Because of this mimicry, anabolic steroids are used in medicine to treat conditions such as delayed puberty, muscle wasting disorders, and certain hormonal deficiencies. However, athletes often take them off‑label for performance enhancement.
2. How Anabolic Steroids Work on the Body
Step Process What Happens
1 Absorption Oral steroids are absorbed through the digestive tract; injectable forms bypass digestion and enter directly into circulation.
2 Transport to Target Cells Steroids circulate bound mainly to sex‑hormone‑binding globulin (SHBG) and albumin; only free molecules can penetrate cells.
3 Receptor Binding Inside the cell, steroids bind to intracellular receptors (androgen or estrogen).
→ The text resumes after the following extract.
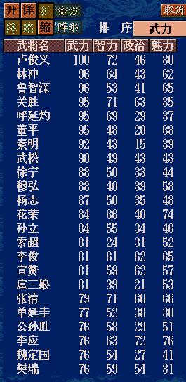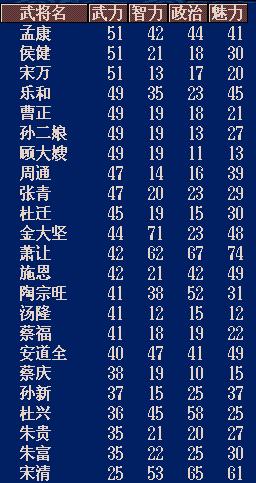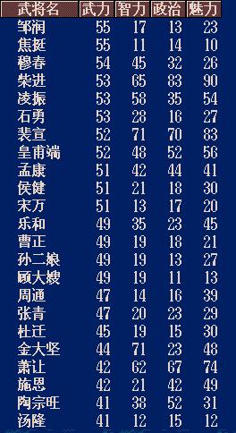 秦明勇猛6(有过怯战-1,不然为7),冷静为0(霹雳火嘛)
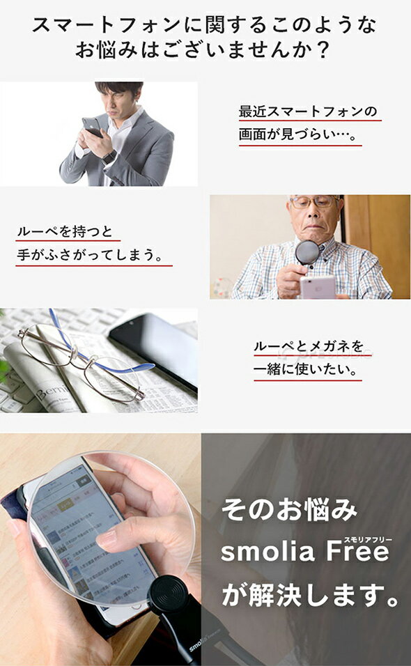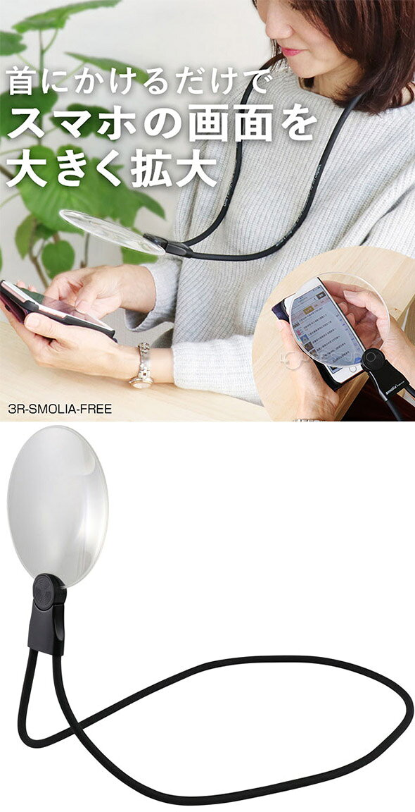 ルーペ 携帯 スマホ おしゃれ 1.7倍 読書 ネイル 老眼 拡大鏡 虫眼鏡 ストラップルーペ 首掛け 首にかける スマホスタンド 3R-SMOLIA-FREE-H スモリアフリー 手芸 マスク 糸通し商品番号:3R-158大人気の首掛け拡大鏡smolia-free(スモリアフリー)に取り付け可能な「スマホホルダ」がセットになった商品です。

This complex then translocates to the nucleus.
4 Gene Expression Modulation The steroid–receptor complex acts as a transcription factor, binding to hormone response elements on DNA and influencing the transcription of specific genes—either up‑regulating anabolic proteins (e.g., creatine kinase) or down‑regulating catabolic pathways.
5 Physiological Outcomes Resultant changes include increased protein synthesis, reduced proteolysis, enhanced glycogen storage, altered water retention, and modifications in lipid metabolism. These biochemical shifts manifest as improved strength, endurance, recovery, and muscle hypertrophy.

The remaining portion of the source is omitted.